Caine makes up for that career nosedive in Shiner with a superb performance, punching above the average screenplay and tired gangster clichés. Shiner is no knockout thriller, but it’s a violent and raw gangster film with a winning performance by Michael Caine.

 

5. The International (2009)

Around the time of the release of The International in 2009, the buzz of star Clive Owen as a would-be Bond had cooled considerably.

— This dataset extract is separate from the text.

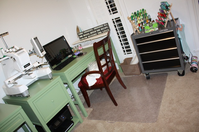 Looks awesome! I have pics of my room makeover from a month or so ago & pics of pegboards that a friend helped me with. They still need paint, but check them out. We hung my spool-holders on the pegboards to free up table space. She’s a brainiac wen it comes to organization! (www.thesassycloset.blogspot.com). LOVE your color scheme! The green is my favorite!
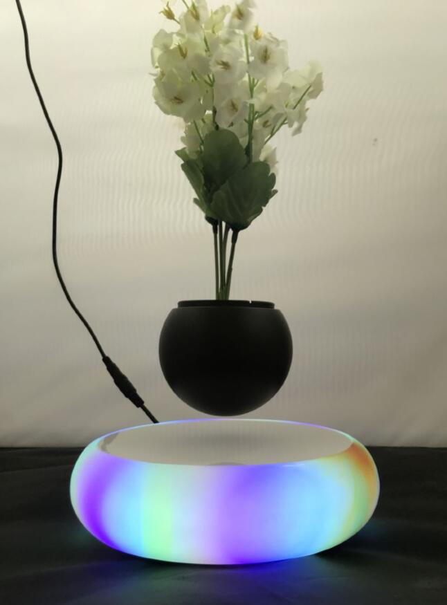 Base size:183*183*55mm Floating object weight: 0-300gram pot color: green,purple pot size:8.5*8.5*8cm floating distance:15-20mm base material:plastic with led light AC Adapter:DC Output 12V, 1500mA

Yet, the talk of a potential contract as 007 led the actor to a string of beefy leading roles, including Inside Man, Children of Men and Shoot’ Em Up.

Even though the actor looked good in a tux as far back as Croupier, in The International, Owen doesn’t get to play Bond, but an Interpol agent obsessed with bringing a shady bank to justice, switching a tuxedo for a well-worn raincoat.

Along with an Assistant District Attorney (Naomi Watts) as a sidekick, Owen’s Louis Salinger investigates the International Bank of Business and Credit (IBBC) and its links to bankrolling world terrorism and money laundering – “a bank of choice for organised crime”.

The film begins promisingly in a rain-soaked Berlin train station, where Thomas Schumer (Ian Burfield), from the New York District Attorney’s office, meets a key witness with links to the IBBC in Luxemburg. No doubt, inspired by the actual Cold War assassination of Georgi Markov, where Markov was pricked by an umbrella loaded with poison, Schumer is dispatched in a similarly sneaky way.

Salinger, aware that Schumer was murdered, travels to IBBC headquarters in Luxemburg and begins to piece together the bank’s links to an illegal arms deal, with his investigation leading him to Milan, where there’s an impressive assassination sequence followed by an even better shootout sequence at the Guggenheim in New York.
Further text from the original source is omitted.